**Assignment:** The answer must restate the listing word for word, without its images.

-------

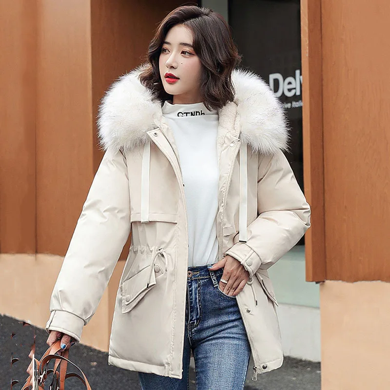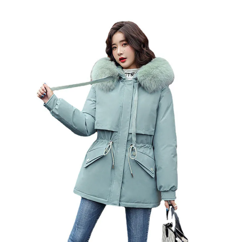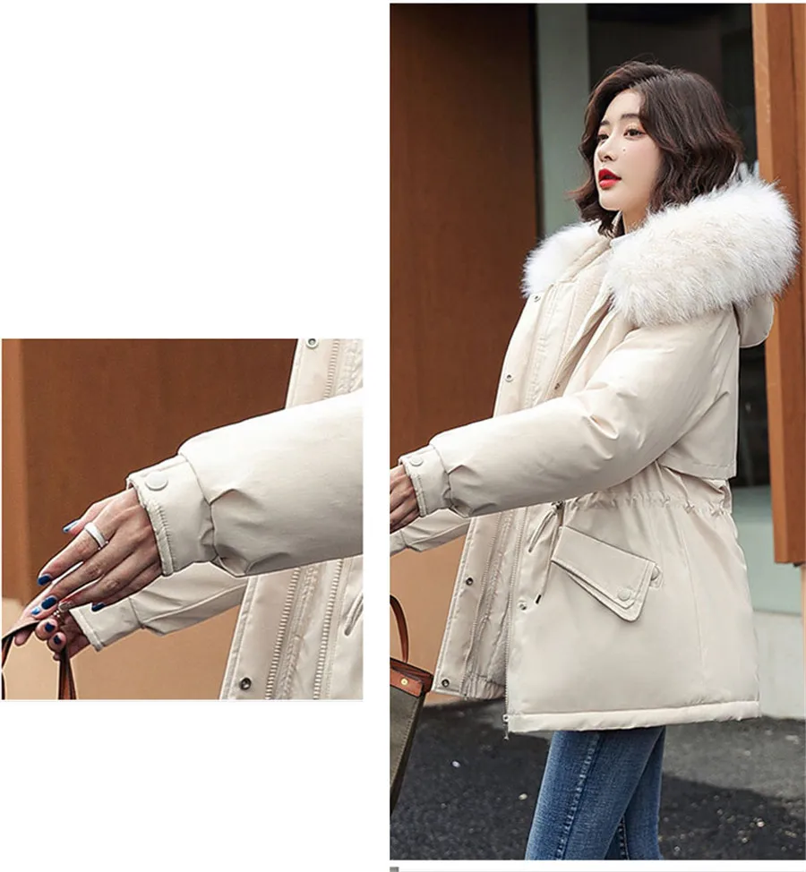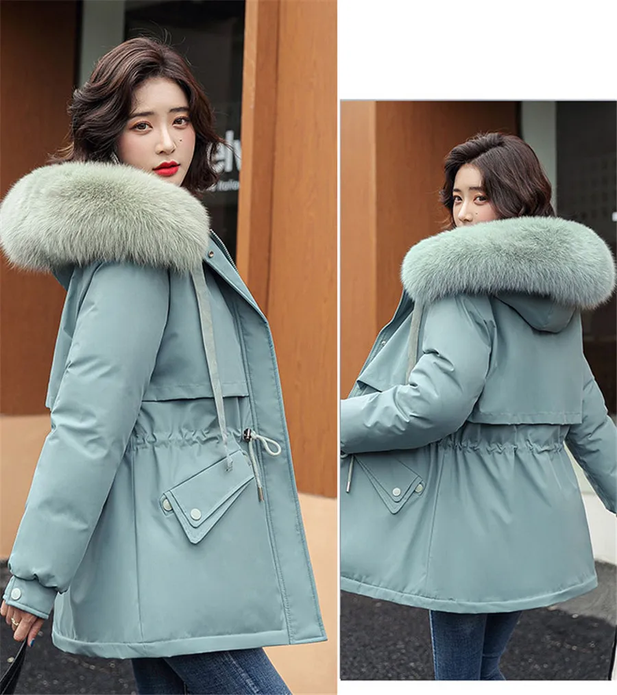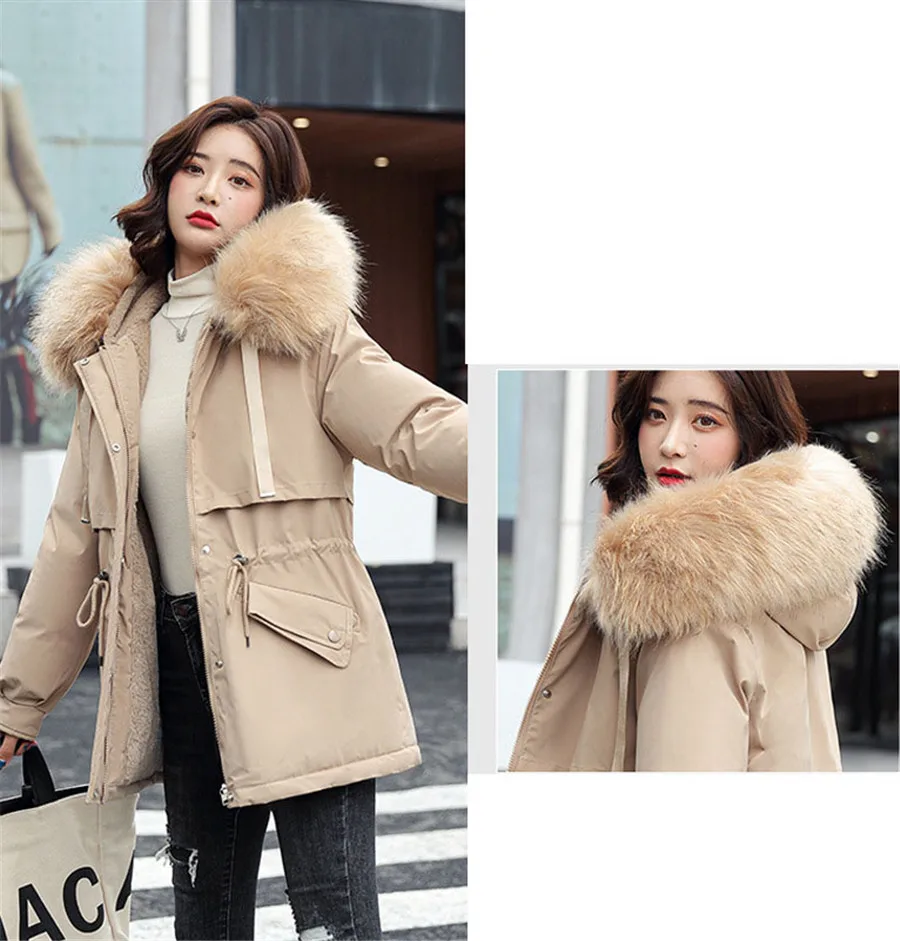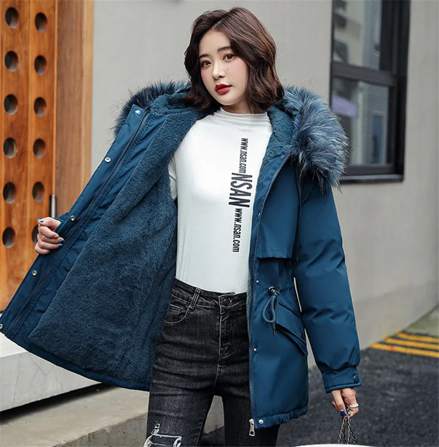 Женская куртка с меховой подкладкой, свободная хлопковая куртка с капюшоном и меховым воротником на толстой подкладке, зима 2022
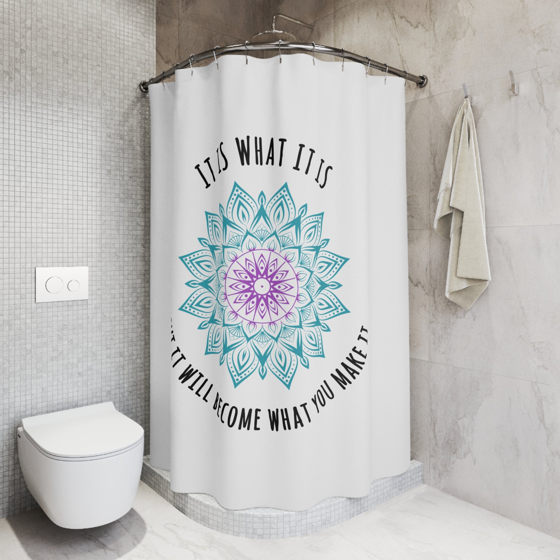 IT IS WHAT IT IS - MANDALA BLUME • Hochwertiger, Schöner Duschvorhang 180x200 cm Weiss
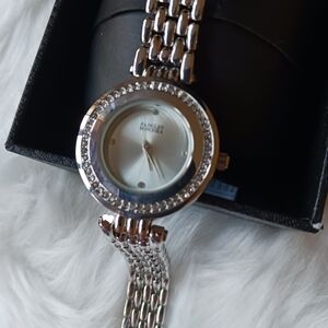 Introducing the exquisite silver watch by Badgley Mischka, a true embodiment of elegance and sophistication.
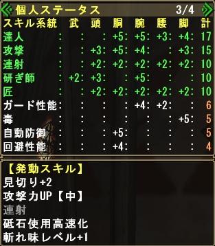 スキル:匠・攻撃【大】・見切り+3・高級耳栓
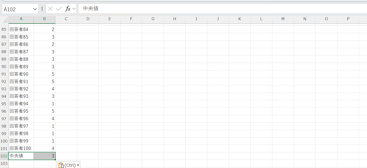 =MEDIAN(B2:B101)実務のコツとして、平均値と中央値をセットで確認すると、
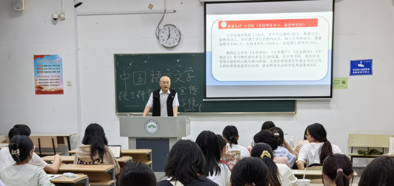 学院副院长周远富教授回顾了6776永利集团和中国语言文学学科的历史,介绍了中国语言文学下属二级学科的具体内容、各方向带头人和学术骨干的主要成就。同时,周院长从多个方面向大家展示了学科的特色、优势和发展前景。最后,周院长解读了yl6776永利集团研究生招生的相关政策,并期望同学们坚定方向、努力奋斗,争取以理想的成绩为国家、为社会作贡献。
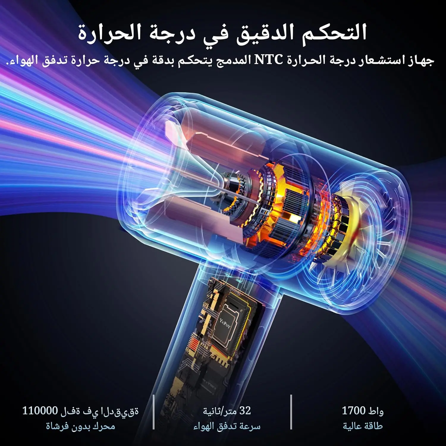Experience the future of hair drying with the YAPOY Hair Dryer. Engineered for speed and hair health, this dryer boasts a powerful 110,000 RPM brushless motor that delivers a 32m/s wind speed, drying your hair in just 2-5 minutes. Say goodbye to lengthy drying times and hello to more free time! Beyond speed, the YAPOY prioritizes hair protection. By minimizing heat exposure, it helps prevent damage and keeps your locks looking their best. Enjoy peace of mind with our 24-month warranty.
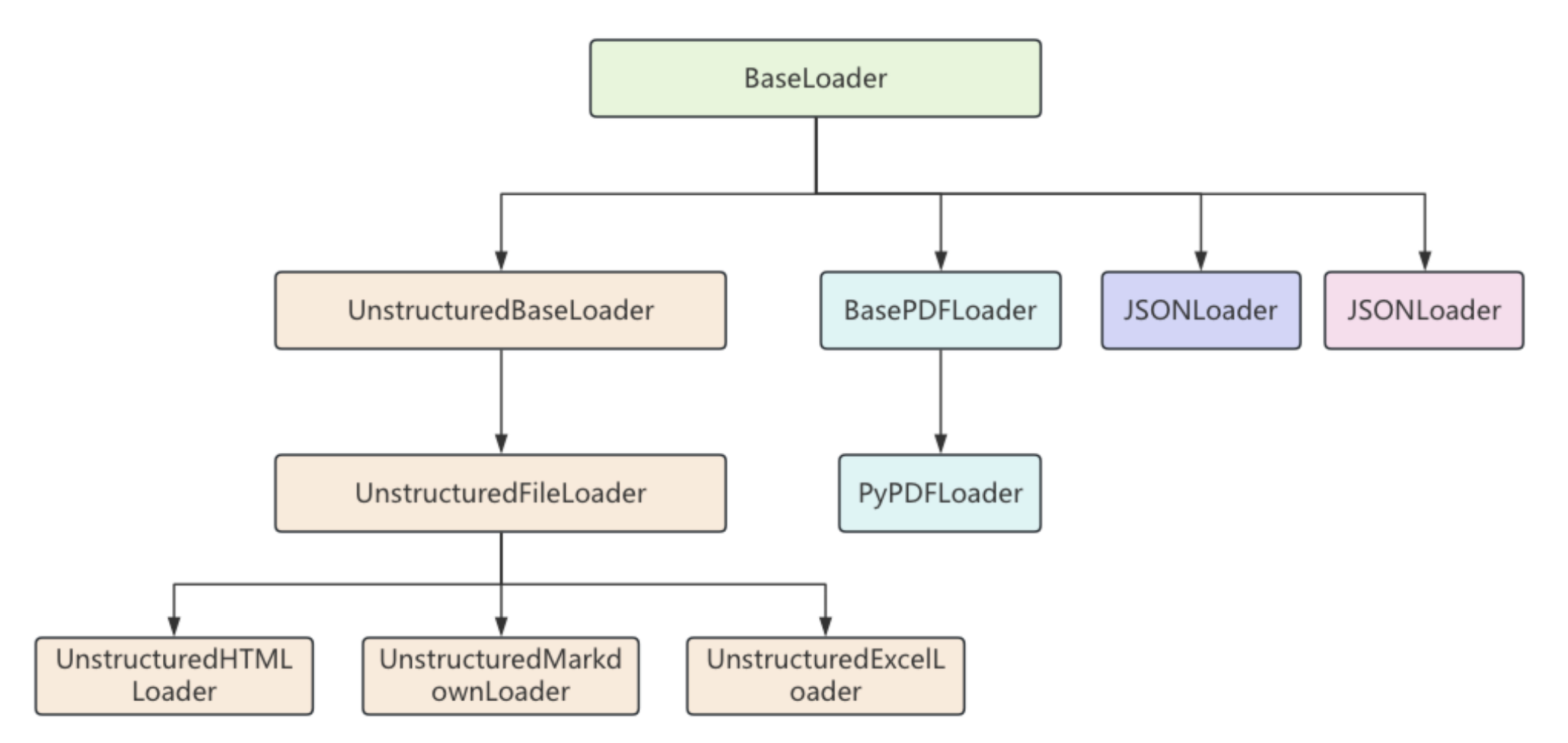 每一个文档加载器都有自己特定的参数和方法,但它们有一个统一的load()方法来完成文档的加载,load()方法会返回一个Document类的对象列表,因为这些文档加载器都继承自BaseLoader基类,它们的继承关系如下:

-------

**Answer space:**
 Женская куртка с меховой подкладкой, свободная хлопковая куртка с капюшоном и меховым воротником на толстой подкладке, зима 2022
 IT IS WHAT IT IS - MANDALA BLUME • Hochwertiger, Schöner Duschvorhang 180x200 cm Weiss
 Introducing the exquisite silver watch by Badgley Mischka, a true embodiment of elegance and sophistication.
 スキル:匠・攻撃【大】・見切り+3・高級耳栓
 =MEDIAN(B2:B101)実務のコツとして、平均値と中央値をセットで確認すると、
 学院副院长周远富教授回顾了6776永利集团和中国语言文学学科的历史,介绍了中国语言文学下属二级学科的具体内容、各方向带头人和学术骨干的主要成就。同时,周院长从多个方面向大家展示了学科的特色、优势和发展前景。最后,周院长解读了yl6776永利集团研究生招生的相关政策,并期望同学们坚定方向、努力奋斗,争取以理想的成绩为国家、为社会作贡献。
Experience the future of hair drying with the YAPOY Hair Dryer. Engineered for speed and hair health, this dryer boasts a powerful 110,000 RPM brushless motor that delivers a 32m/s wind speed, drying your hair in just 2-5 minutes. Say goodbye to lengthy drying times and hello to more free time! Beyond speed, the YAPOY prioritizes hair protection. By minimizing heat exposure, it helps prevent damage and keeps your locks looking their best. Enjoy peace of mind with our 24-month warranty.
 每一个文档加载器都有自己特定的参数和方法,但它们有一个统一的load()方法来完成文档的加载,load()方法会返回一个Document类的对象列表,因为这些文档加载器都继承自BaseLoader基类,它们的继承关系如下:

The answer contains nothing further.